> [Input data]
■ ■ ■ ■ ■
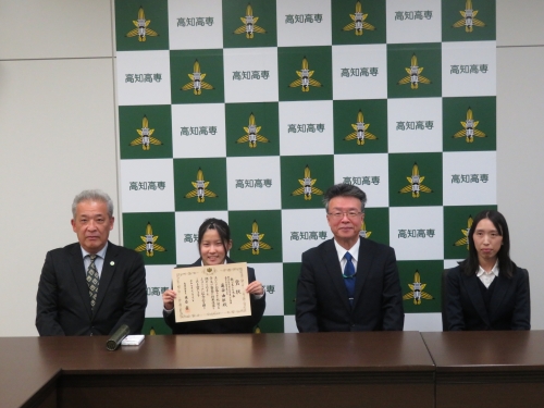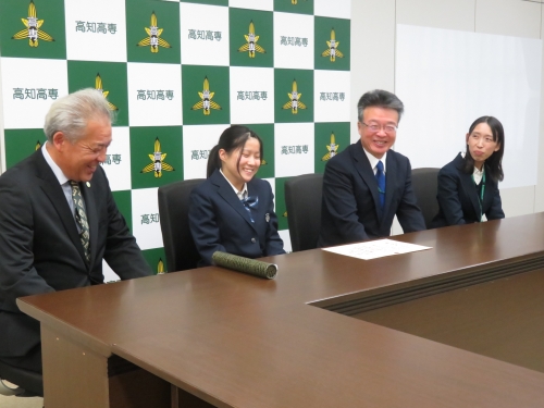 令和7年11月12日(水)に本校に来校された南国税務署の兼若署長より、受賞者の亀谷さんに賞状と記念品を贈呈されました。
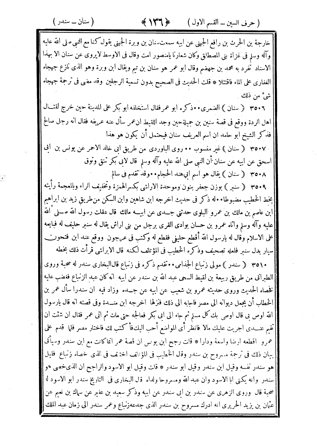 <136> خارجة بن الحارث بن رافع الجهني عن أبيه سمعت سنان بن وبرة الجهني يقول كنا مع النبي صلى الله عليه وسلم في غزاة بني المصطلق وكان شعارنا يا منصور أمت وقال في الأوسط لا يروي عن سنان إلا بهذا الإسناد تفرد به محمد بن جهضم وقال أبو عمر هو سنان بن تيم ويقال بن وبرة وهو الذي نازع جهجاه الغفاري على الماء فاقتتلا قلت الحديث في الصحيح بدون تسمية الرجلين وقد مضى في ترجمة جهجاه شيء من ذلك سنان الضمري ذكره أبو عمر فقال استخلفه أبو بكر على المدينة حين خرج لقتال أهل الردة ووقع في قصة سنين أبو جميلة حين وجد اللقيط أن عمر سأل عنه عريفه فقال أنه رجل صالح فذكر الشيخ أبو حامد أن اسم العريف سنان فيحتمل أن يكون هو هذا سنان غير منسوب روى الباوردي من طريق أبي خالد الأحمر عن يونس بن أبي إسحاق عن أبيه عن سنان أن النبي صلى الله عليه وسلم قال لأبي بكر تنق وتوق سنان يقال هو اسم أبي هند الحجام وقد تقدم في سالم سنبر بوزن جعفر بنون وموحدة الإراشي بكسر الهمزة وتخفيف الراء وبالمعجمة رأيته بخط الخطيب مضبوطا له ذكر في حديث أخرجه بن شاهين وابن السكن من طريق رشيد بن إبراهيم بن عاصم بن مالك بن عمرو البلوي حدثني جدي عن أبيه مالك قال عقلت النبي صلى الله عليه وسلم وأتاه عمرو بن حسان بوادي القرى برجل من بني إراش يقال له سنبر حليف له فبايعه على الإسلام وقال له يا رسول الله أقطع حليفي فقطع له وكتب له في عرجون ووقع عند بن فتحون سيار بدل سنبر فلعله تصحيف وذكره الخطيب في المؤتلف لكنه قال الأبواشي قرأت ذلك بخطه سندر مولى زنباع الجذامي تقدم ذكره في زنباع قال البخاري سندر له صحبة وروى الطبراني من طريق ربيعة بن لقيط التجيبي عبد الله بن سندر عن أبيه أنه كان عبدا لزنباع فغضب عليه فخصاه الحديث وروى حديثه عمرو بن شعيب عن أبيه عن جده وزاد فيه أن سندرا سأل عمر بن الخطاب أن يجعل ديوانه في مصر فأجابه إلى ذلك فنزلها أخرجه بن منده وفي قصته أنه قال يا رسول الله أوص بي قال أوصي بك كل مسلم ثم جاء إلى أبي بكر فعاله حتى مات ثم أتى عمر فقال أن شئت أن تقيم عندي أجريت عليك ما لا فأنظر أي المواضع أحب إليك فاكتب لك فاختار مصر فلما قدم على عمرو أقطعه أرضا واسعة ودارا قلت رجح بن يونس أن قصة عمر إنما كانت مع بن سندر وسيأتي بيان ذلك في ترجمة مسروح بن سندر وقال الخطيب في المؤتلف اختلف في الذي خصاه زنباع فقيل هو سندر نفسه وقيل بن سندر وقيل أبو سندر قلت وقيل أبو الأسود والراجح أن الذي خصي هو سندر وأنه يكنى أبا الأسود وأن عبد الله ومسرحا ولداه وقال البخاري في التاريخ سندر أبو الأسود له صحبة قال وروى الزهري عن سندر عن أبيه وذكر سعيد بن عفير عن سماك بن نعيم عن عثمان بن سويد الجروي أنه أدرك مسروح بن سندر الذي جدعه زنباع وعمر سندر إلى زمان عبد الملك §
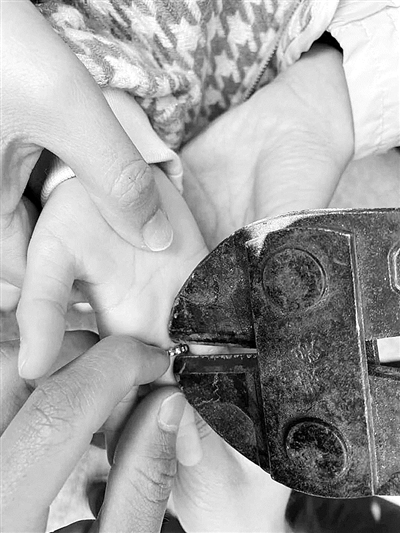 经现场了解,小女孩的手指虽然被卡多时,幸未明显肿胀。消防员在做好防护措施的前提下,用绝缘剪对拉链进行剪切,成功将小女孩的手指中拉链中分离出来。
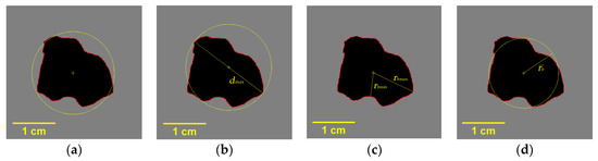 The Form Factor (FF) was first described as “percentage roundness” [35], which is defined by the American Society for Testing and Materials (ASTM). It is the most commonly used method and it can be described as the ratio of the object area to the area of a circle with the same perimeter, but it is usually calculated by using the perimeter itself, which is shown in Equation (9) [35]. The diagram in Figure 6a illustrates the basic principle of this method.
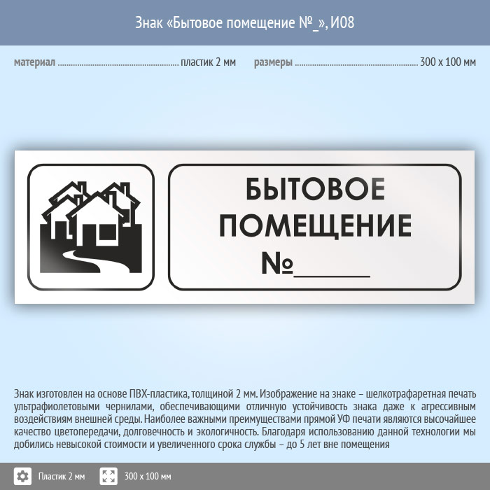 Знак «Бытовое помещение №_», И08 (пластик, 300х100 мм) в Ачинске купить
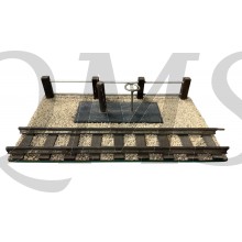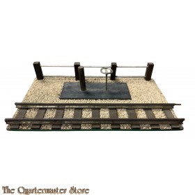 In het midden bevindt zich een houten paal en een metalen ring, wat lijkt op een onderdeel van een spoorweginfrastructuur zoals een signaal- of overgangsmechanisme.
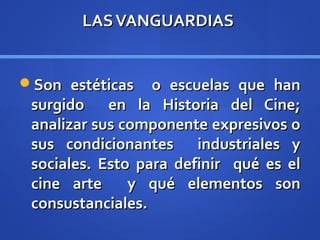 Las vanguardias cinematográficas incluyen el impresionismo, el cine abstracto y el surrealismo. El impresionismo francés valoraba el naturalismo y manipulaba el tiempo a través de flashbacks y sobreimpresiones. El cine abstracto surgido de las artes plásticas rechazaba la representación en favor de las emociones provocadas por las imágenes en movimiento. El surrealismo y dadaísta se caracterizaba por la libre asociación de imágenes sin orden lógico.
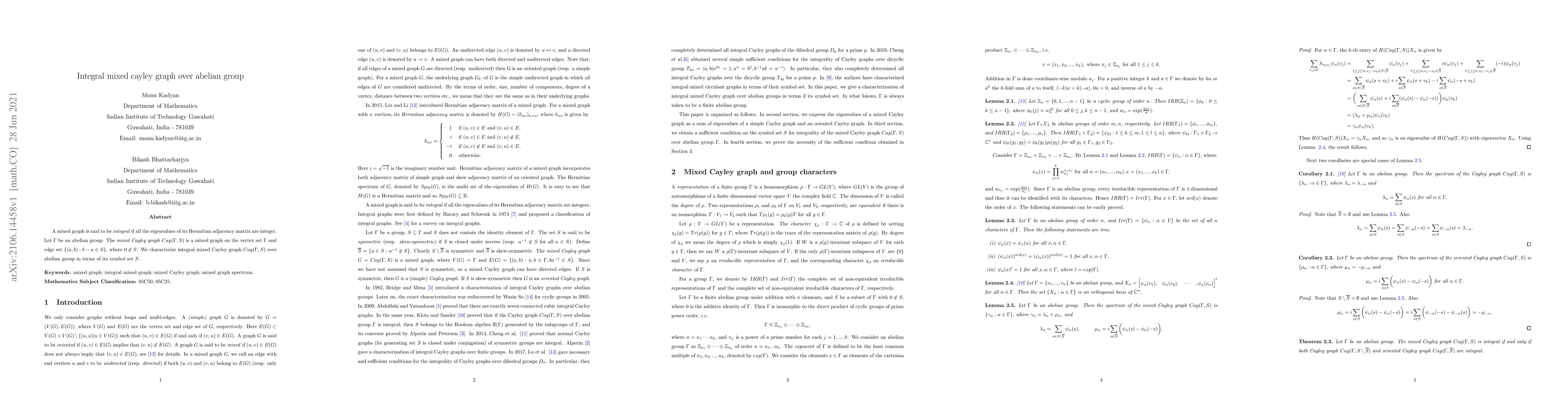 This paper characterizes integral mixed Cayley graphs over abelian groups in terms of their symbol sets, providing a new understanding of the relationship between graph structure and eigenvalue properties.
■ ■ ■ ■ ■
Above are the records; return the lines in them from the one with "The Form Factor" to the one with "In het midden", inclusive, exactly and without images.

> [Answer]
 The Form Factor (FF) was first described as “percentage roundness” [35], which is defined by the American Society for Testing and Materials (ASTM). It is the most commonly used method and it can be described as the ratio of the object area to the area of a circle with the same perimeter, but it is usually calculated by using the perimeter itself, which is shown in Equation (9) [35]. The diagram in Figure 6a illustrates the basic principle of this method.
 Знак «Бытовое помещение №_», И08 (пластик, 300х100 мм) в Ачинске купить
 In het midden bevindt zich een houten paal en een metalen ring, wat lijkt op een onderdeel van een spoorweginfrastructuur zoals een signaal- of overgangsmechanisme.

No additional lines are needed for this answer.